投資金額の規模では、マイニング分野への出資が最も大きく、累計で21億ドル以上に達し、他の分野を大きく引き離している。その中で最大の案件は、ドイツのマイニング企業Northern Data AGに対する出資で、Tetherは同社に5.75億ドルの債務ファイナンスと6.1億ドルの信用枠を提供した。Volcano Energy、Northern Data、Bitdeerもそれぞれ数億ドルの投資を受けている。次いでメディア分野で、Tetherの累計投資額は7.8億ドルに達しており、その大部分(7.75億ドル)がRumbleへの出資に充てられた。PANewsの報道によれば、この巨額投資には強い政治的色合いがあり、トランプ陣営とのビジネス戦略とも言える。Rumbleは米国トランプ元大統領と深い関係にあり、「トランプ関連銘柄」とも呼ばれている。米副大統領JD・バンスのVCファンドNarya Capital ManagementもRumbleに出資していた。

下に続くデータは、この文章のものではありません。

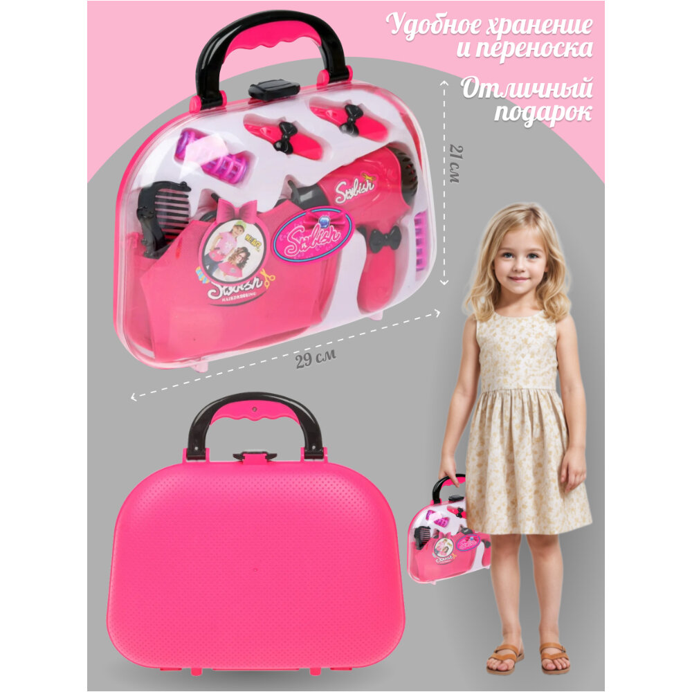 10 цен на Детский игровой набор парикмахера Салон красоты с аксессуарами в чемодане с феном на батарейках
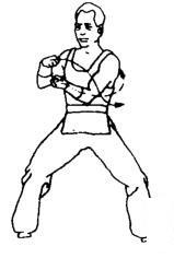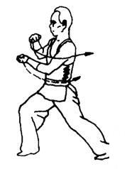 步型不变,左拳臂内旋,再外旋逆时针绕行里于胸前。同时右拳屈肘经右上向左弧形运行里于左举上方。
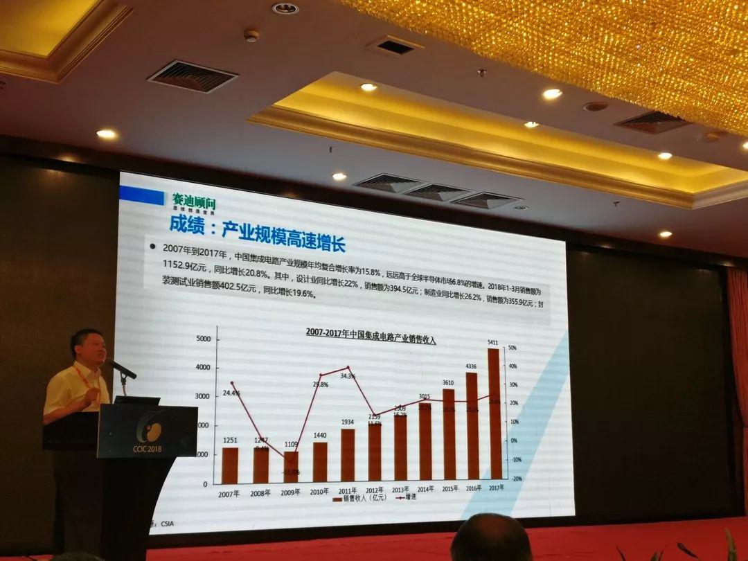 單論中國,2007年到2017年,中國集成電路產業(yè)年均復合增長率為15.8%,遠遠高于全球半導體市場的6.8%的增速。2018年1-3月銷售額為1152.9億元,同比增長20.8%。其中,設計業(yè)同比增長22%,銷售額為394.5億元;制造業(yè)同比增長26.2%,銷售額為355.9億美元;封裝測試業(yè)銷售額為402.5億元,同比增長19.6%。
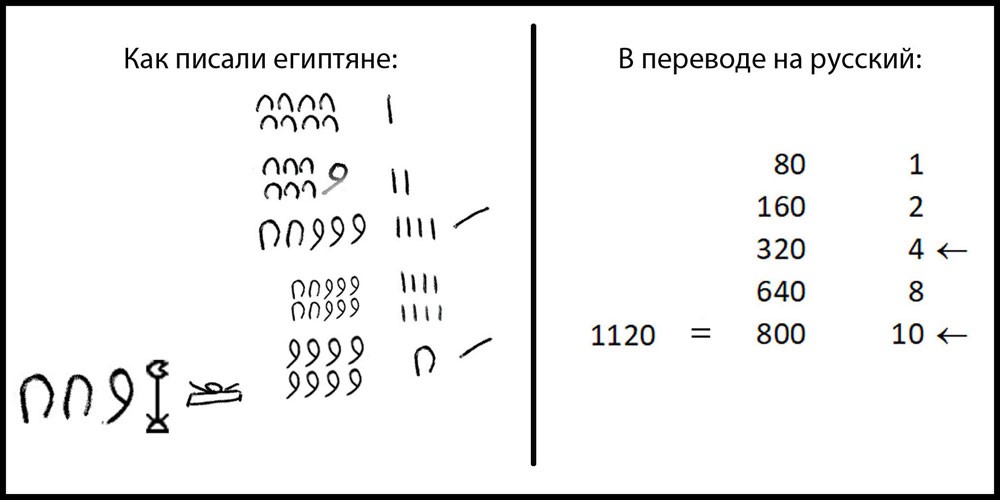 Числа египтяне записывали похоже на известные нам римские числа. Единицы – палочки. Десяток объединяли в символ в виде подковы. Сотню в символ в виде завитка. И так далее. Были символы для тысячи, десяти тысяч, сотни тысяч, миллиона. То есть система счисления у них десятичная, но цифры и, соответственно, позиционная запись числа еще не появляются. (Единицы, кстати, слева, потом десятки и т.д.). В такой системе записи удобно числа складывать (все символы записываем вместе, при необходимости 10 символов одного вида меняем на следующий). И удобно числа умножать на 2 (складывая само с собой). Вычитать (меньшее из большего, конечно) – тоже вполне легко. А большее из меньшего вычитать им не могло и в голову прийти!

農業分野では、2件の投資を通じてアルゼンチンの大手農業企業Adecoagroの株式70%を取得しており、総投資額は7.1億ドルを超える。また、バイオテクノロジー企業Blackrock Neurotechの過半数株式を2億ドルで買収しており、同社の評価額は3.5億ドルだった。
時間軸で見ると、2021年から2024年9月までは、Tetherは主に暗号資産基盤、特にマイニングと決済分野に集中していた。その後、投資のペースは明らかに加速し、戦略もますます多角化。単一領域から複数産業にわたるグローバル展開へと拡大している。

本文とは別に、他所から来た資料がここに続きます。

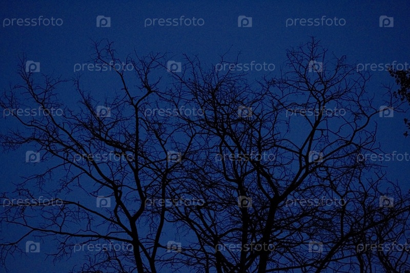Кроны деревьев на фоне вечернего синего неба

Tetherは多角的投資とステーブルコイン市場での支配的地位により、強固な暗号資産ビジネス帝国を築き上げたが、暗号市場の成熟化と規制環境の変化に伴い、今後はより複雑な課題に直面することになるだろう。それは、変化に富むグローバル舞台の中で、いかに革新、コンプライアンス、拡張のバランスを取るかにかかっている。